**RECORDS FOR THIS TASK:**
※

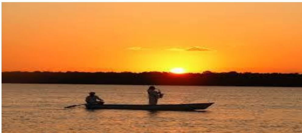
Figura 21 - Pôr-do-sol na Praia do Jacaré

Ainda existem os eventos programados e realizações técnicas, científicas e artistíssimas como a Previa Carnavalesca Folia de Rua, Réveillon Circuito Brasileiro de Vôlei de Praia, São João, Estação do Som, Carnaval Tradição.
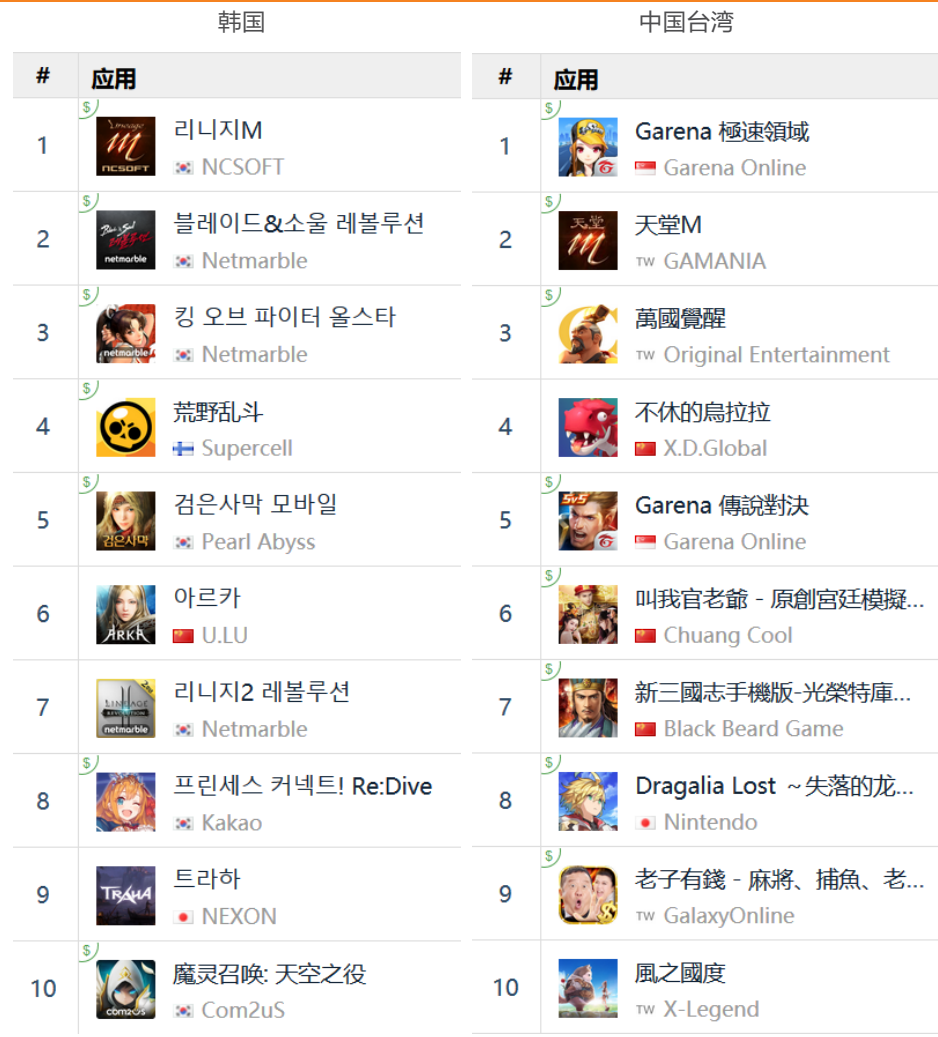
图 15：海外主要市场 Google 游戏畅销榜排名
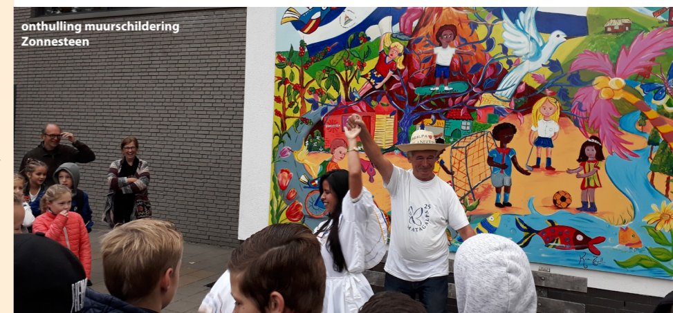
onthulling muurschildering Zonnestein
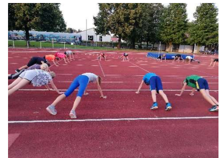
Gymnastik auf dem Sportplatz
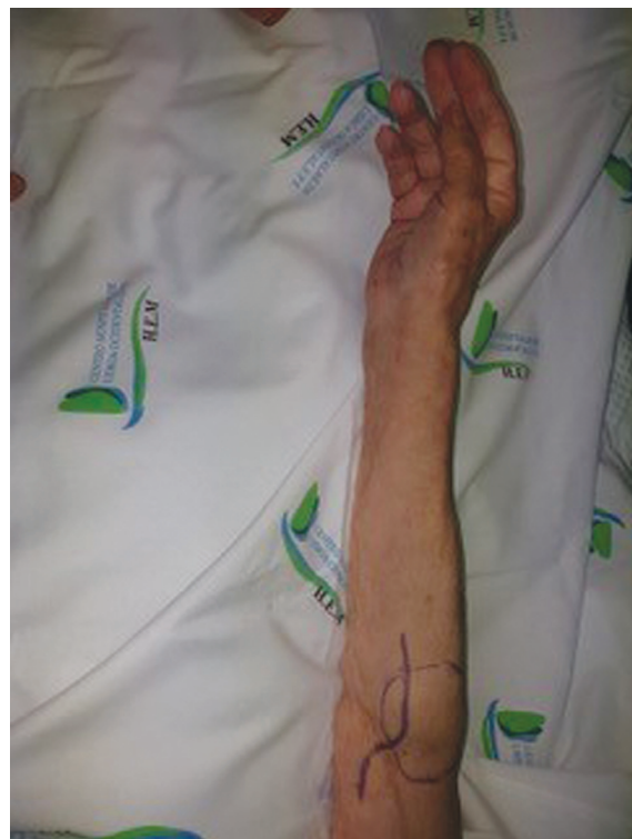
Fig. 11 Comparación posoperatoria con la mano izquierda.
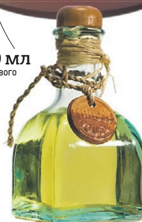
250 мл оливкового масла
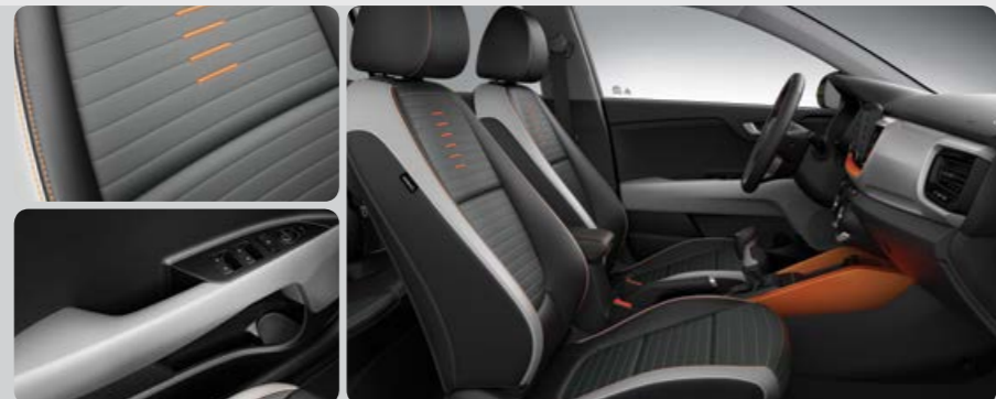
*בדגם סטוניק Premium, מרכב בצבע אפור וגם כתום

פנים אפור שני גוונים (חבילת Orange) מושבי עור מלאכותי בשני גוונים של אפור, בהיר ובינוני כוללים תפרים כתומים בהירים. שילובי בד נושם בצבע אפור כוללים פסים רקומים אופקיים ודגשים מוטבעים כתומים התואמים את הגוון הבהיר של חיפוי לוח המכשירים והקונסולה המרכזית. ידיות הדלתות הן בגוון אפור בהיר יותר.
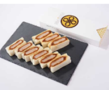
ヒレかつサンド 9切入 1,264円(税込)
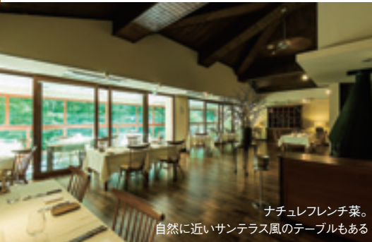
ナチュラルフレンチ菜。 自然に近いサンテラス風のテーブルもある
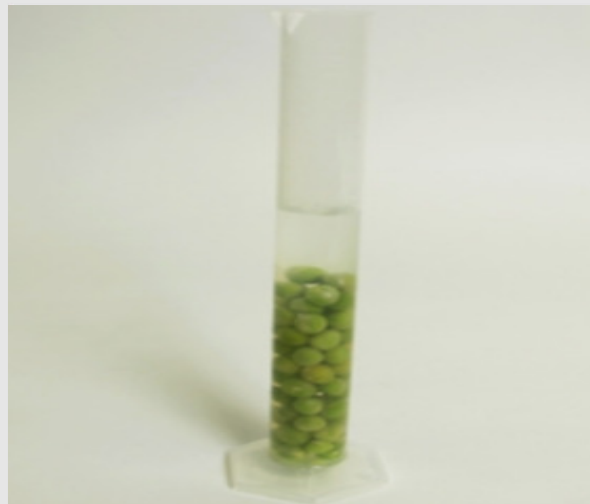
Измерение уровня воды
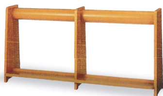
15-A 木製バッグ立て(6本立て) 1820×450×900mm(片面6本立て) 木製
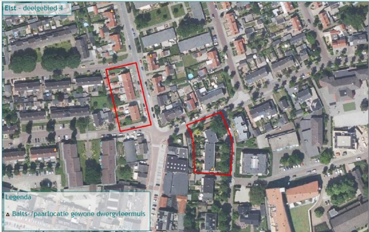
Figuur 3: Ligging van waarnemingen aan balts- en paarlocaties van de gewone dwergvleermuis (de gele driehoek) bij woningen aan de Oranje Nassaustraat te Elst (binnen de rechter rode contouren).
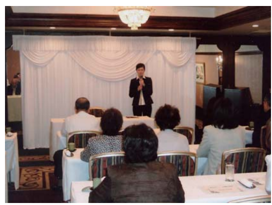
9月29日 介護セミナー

※

**PROBLEM DESCRIPTION:** Set down word for word every line from the one containing "图 15：海外主要市场 Google 游戏畅销榜排名" through the last line of the records above, both ends included. Leave out the pictures.

**OUTPUT:**
图 15：海外主要市场 Google 游戏畅销榜排名
onthulling muurschildering Zonnestein
Gymnastik auf dem Sportplatz
Fig. 11 Comparación posoperatoria con la mano izquierda.
250 мл оливкового масла
*בדגם סטוניק Premium, מרכב בצבע אפור וגם כתום

פנים אפור שני גוונים (חבילת Orange) מושבי עור מלאכותי בשני גוונים של אפור, בהיר ובינוני כוללים תפרים כתומים בהירים. שילובי בד נושם בצבע אפור כוללים פסים רקומים אופקיים ודגשים מוטבעים כתומים התואמים את הגוון הבהיר של חיפוי לוח המכשירים והקונסולה המרכזית. ידיות הדלתות הן בגוון אפור בהיר יותר.
ヒレかつサンド 9切入 1,264円(税込)
ナチュラルフレンチ菜。 自然に近いサンテラス風のテーブルもある
Измерение уровня воды
15-A 木製バッグ立て(6本立て) 1820×450×900mm(片面6本立て) 木製
Figuur 3: Ligging van waarnemingen aan balts- en paarlocaties van de gewone dwergvleermuis (de gele driehoek) bij woningen aan de Oranje Nassaustraat te Elst (binnen de rechter rode contouren).
9月29日 介護セミナー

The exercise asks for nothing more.